E da desconfiança infantil que tudo que Chico Preto trazia no balaio da feira, não restava dúvida, carregado era.

Do luxo de lanchar biscoito cream cracker com guaraná. E de tomar champagne todos os dias.

Dos montes de gibis que Seu Zé Gazeteiro trazia no PN do Recife, toda sexta-feira.

E vendia no quarto da pensão de Dona Regina, tia de Pipiu e Beto.

Espalhados em cima da  cama e pelo chão do quarto, transformado em vitrine. E na melhor cigarreira do mundo.

Do martírio de tanta canja e  de tanta sopa. Ralas.

Dos supositórios de cibalena que faziam qualquer um enganar o termômetro e esconder a febre.

Das proibições de qualquer esforço físico.

C2BC168F-56A3-4531-82CE-905E363F28C3De chegar perto de uma bola. De olhar pra bicicleta.

De sair da cama para nada mais  que as necessidades.

De andar sem pressa. Arrastando os pés até o banheiro. Estrategicamente construído nos fundos da casa.

De não subir escadas.

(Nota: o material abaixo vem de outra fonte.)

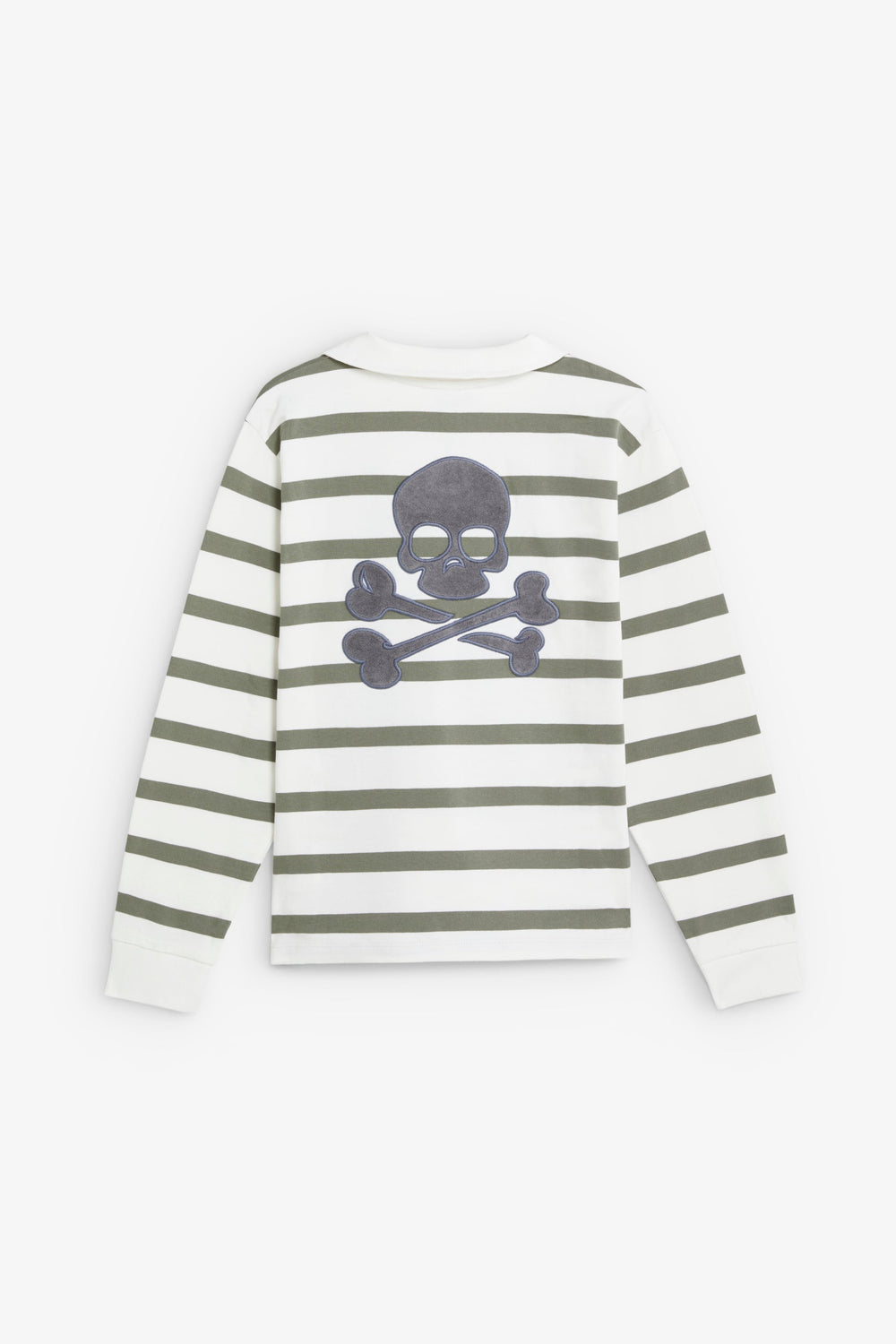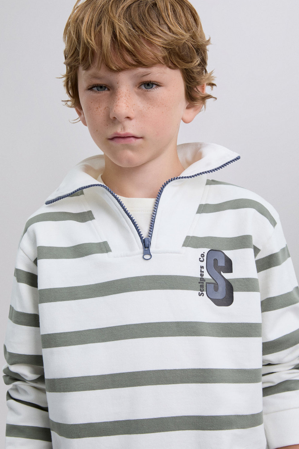 Sweatshirt com padrão às riscas, confecionada em 100% algodão BCI. Gola com fecho com meio fecho de correr. Corte Regular Fit. Manga comprida. Dois bolsos à frente. Motivo bordado no peito e skull nas costas. Acabamentos em nervuras.

Nem batentes, se a epidemia da vez era papeira.

Que quando descia, o menino nunca iria ser homem de verdade.

O medo de virar um pedrobúzios, zédacalçapreta ou outro macho-fêmea saído do armário paroquial, era a garantia do repouso absoluto.

De tomar banho.

Sem molhar o cabelo, em tempos que shampoo não havia.

Com menos água que a pouca de sempre.

Trazida em galões, ombros, trens e latas de querosene. Fria e doce. Do Piquiri.

Dos primeiros sinais que o mal estava indo embora, com a chegada das visitas desconfiadas.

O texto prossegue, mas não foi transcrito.